Recent efforts have largely failed, in Fiss’s view, when ghetto residents are forced to remain in their impoverished conditions. Welfare-to-work programs offer low wages and limited futures, and educational benefits, even from the broadly lauded Head Start program, have been shown to fade without ongoing reinforcement. Fiss also finds it unlikely that a modern version of the New Deal Era’s Works Project Administration, supported by William Julius Wilson and other scholars of urban life as a way to create jobs and restore confidence, can overcome years of joblessness. Fiss’s ghetto is a social structure, not merely a geographical location, making any place-based strategy doomed to fail.

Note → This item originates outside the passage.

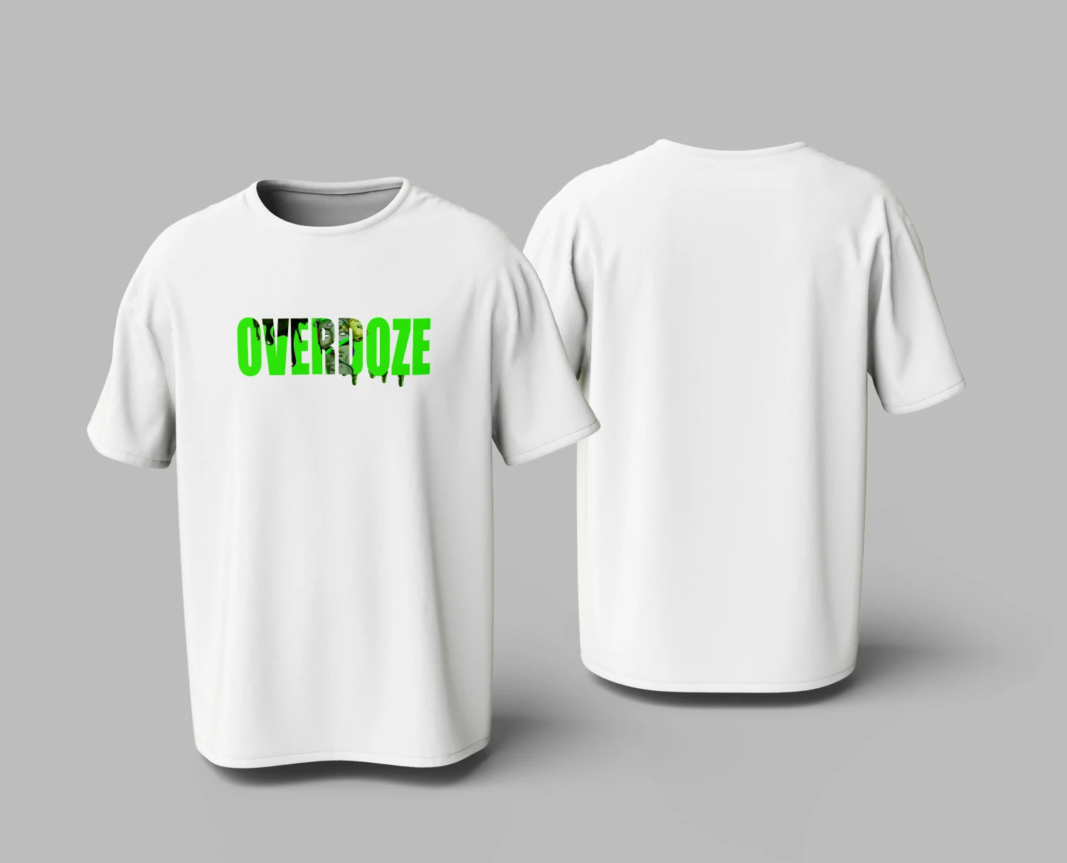 Edgy Streetwear Graphic: Features a vibrant, toxic-green "Overdoze" slime logo with a zombie character.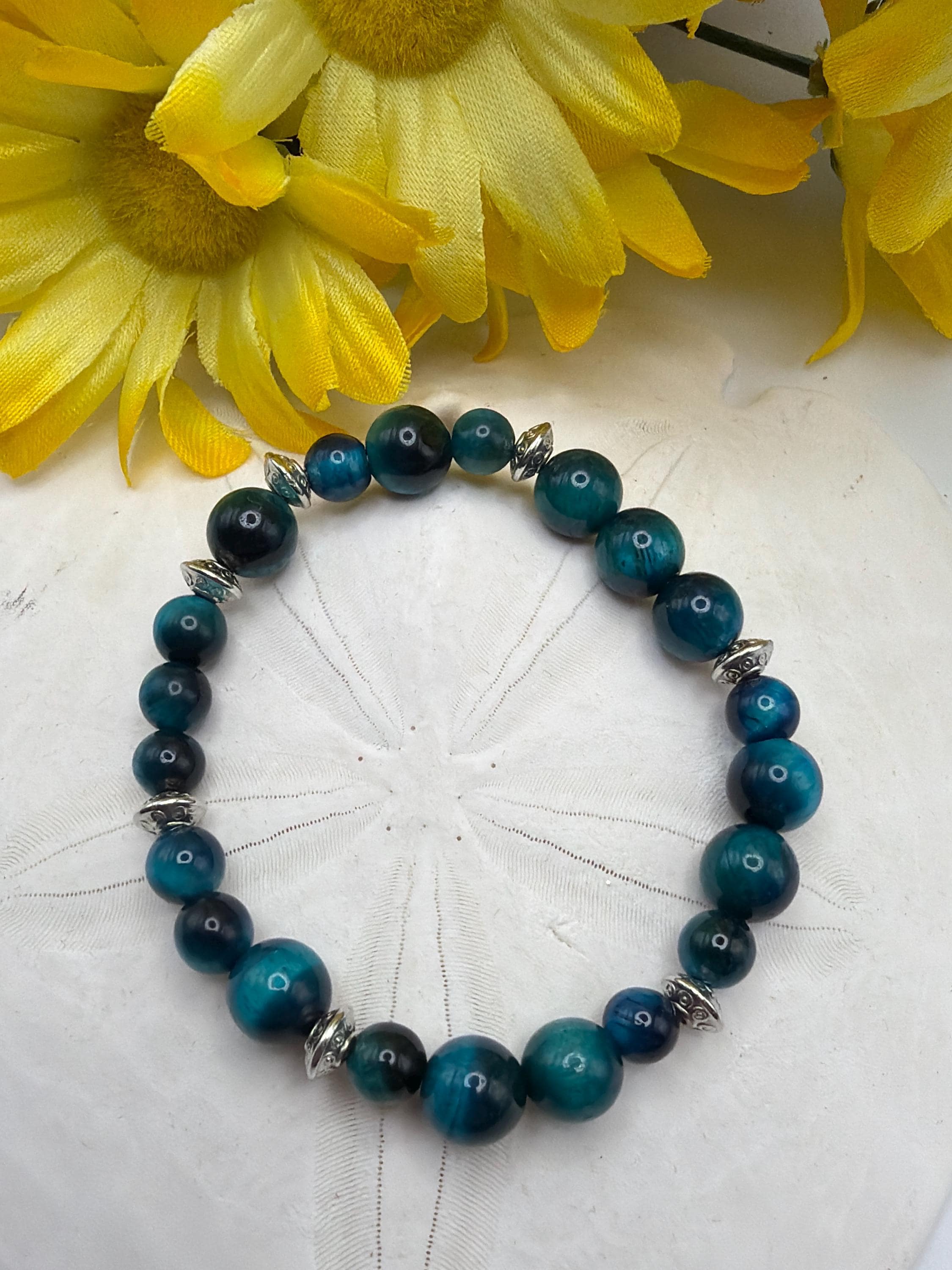 Blue Tiger Eye Stretch Bracelet | Beaded Bracelet | Morse code - Support | Message in a Bracelet | Quote Bracelet

Fiss’s alternative – providing every resident an opportunity to move elsewhere – goes beyond well-intentioned social policy and planning, he says, and begins to chip away at the subjugation of inner city ghettoes. Doing so would bring residences closer to jobs, disperse the concentrated pockets of impoverished single parent households, take advantage of less heavily burdened schools and other social institutions, and provide a sense of opportunity.
To implement this, Fiss suggests using public and perhaps foundation funds to form an agency to facilitate mass relocation, subsidizing rent for relocated households and strictly enforcing antidiscrimination laws. Using a recent HUD pilot program as a guideline, Fiss estimates that this program would cost $50 billion per year.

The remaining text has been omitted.